**Excerpted data:**

*** Block opens ***

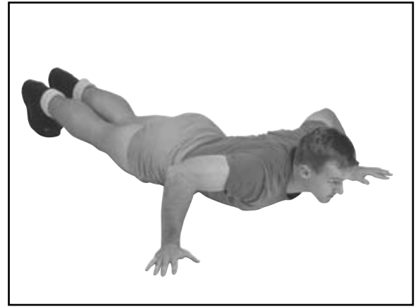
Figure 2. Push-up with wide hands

*** Block closes ***
*** Block opens ***

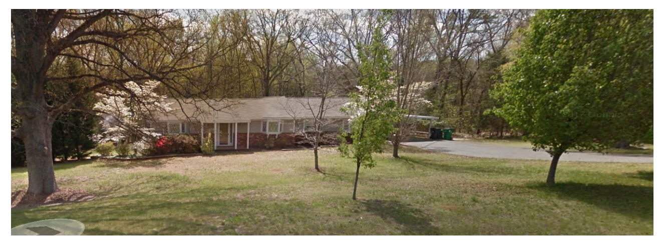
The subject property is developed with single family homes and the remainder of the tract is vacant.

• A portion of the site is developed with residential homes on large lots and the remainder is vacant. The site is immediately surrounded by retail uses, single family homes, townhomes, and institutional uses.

*** Block closes ***
*** Block opens ***

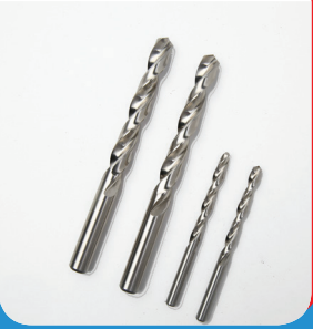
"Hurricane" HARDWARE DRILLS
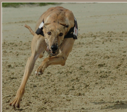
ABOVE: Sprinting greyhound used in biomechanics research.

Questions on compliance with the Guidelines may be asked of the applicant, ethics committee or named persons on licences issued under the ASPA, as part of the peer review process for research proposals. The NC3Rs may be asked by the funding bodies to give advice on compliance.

*** Block closes ***

**Aim of the exercise:** Tally up the lines in the records that contain the word "remainder" and give only the total.

**Task answer:** 2